AEROFLEX INCORPORATED AND SUBSIDIARIES
NOTES TO PRO FORMA FINANCIAL STATEMENTS (Unaudited)
A. BASIS OF PRESENTATION
The accompanying pro forma financial statements (unaudited) present the financial position and results of operations of Aeroflex Incorporated and subsidiaries (“ARX”) giving effect to the acquisition of the SPG division of UbiNetics Holdings Limited (“SPG”). The acquisition of SPG by ARX was accounted for as a purchase and accordingly, the purchase price was allocated to the assets and liabilities of SPG based on their estimated fair values at May 23, 2005 (the date of acquisition). Adjustments to the purchase price allocation are expected to be finalized before May 2006, upon the receipt of an independent appraisal and the final determination of certain exit costs. Such adjustments are not expected to be material.
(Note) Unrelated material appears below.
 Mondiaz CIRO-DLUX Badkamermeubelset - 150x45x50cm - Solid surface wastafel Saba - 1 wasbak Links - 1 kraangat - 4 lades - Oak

For the purpose of the pro forma balance sheet and the pro forma statements of operations, it is assumed that the acquisition occurred on March 31, 2005 and July 1, 2003, respectively. In order to provide comparability to the respective historical periods, the pro forma statements of operations for the nine months ended March 31, 2005 and the year ended June 30, 2004 do not include a one-time charge of $2,800,000 which was recorded upon acquisition to reflect the write-off of the purchase prices allocated to acquired in-process research and development. As the fiscal year end of SPG was December 31, the accompanying historical statement of operations data related to SPG for the nine months ended March 31, 2005, was derived from their historical results of operations for the year ended December 31, 2004, adding their results of operations for the three months ended March 31, 2005, and subtracting their results of operations for the six months ended June 30, 2004. SPG’s historical statement of operations data for the year ended June 30, 2004, was derived from their historical results of operations for the year ended December 31, 2003, adding their results of operations for the six months ended June 30, 2004, and subtracting their results of operations for the six months ended June 30, 2003.
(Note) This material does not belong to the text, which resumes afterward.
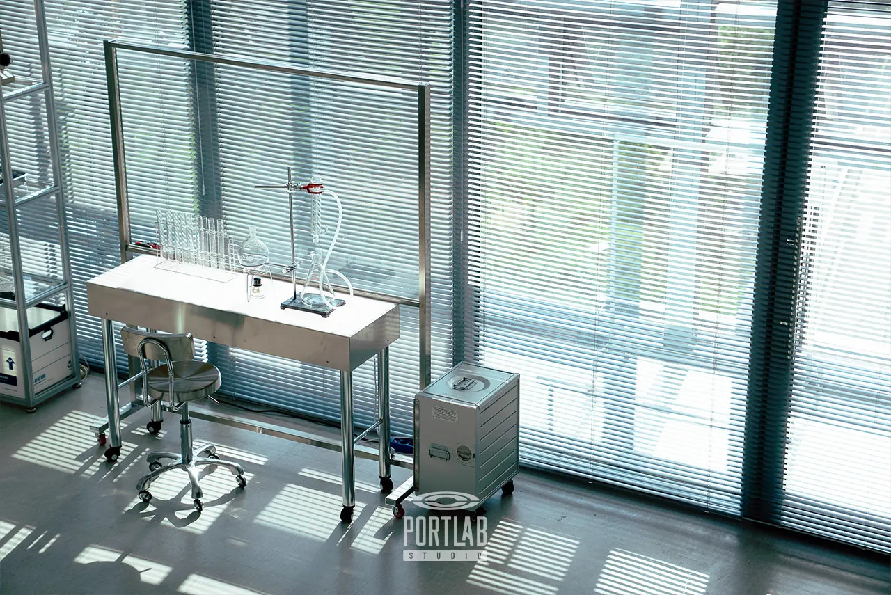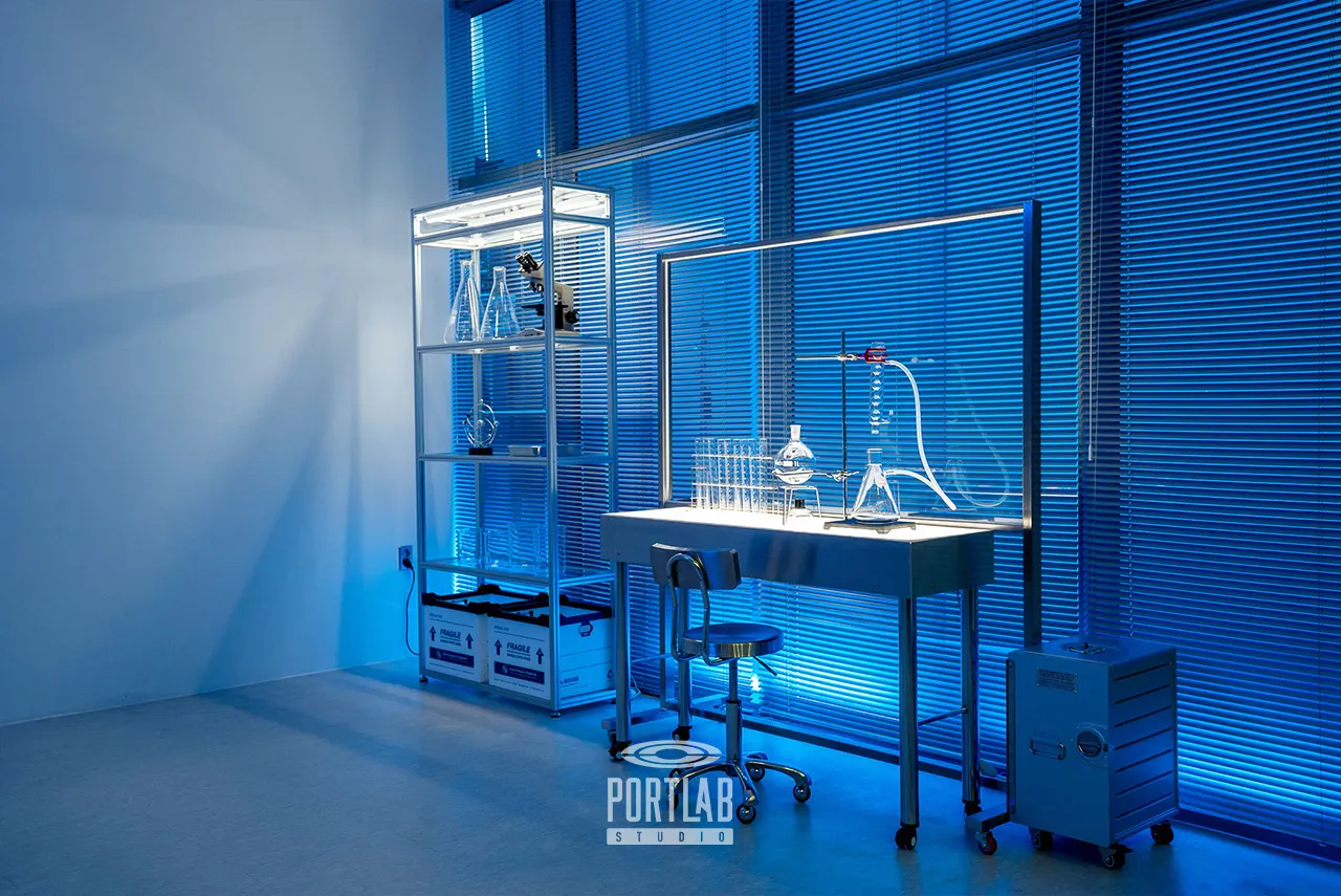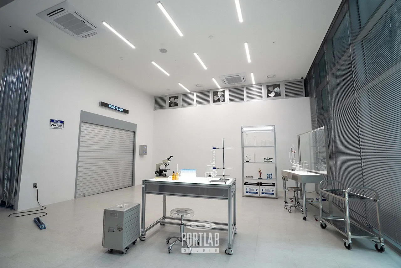 컨셉[A]는 다양한 스틸 재질의 가구와 실험 소품들이 배치되어 있습니다.

B. PRO FORMA ADJUSTMENTS AND ASSUMPTIONS
The pro forma financial statements of ARX give effect to the following pro forma adjustments and assumptions:
1. To record the acquisition of SPG by ARX as described in Item 2.01 on Form 8-K filed on May 26, 2005.
2. To record the a) purchase price of $87 million, consisting of: i) $84 million for the acquisition of SPG and (ii) $3 million of acquisition costs, both from ARX’s available cash and proceeds from the sale of marketable securities; b) elimination of SPG’s equity accounts, c) allocation of the purchase price to the fair value of the assets acquired and liabilities assumed, including, for purposes of the pro forma balance sheet, the aforementioned $2,800,000 write-off of the fair value of the acquired in-process research and development and d) deferred tax liabilities related to c) above.
3. To record a) depreciation and amortization based on estimated average remaining lives (average 4 years for intangibles) of assets and adjustments to fair value of assets acquired, b) interest expense on assumed ARX debt incurred and interest income forgone due to the use of available cash and marketable securities to acquire SPG and c) the tax effects of a) and b).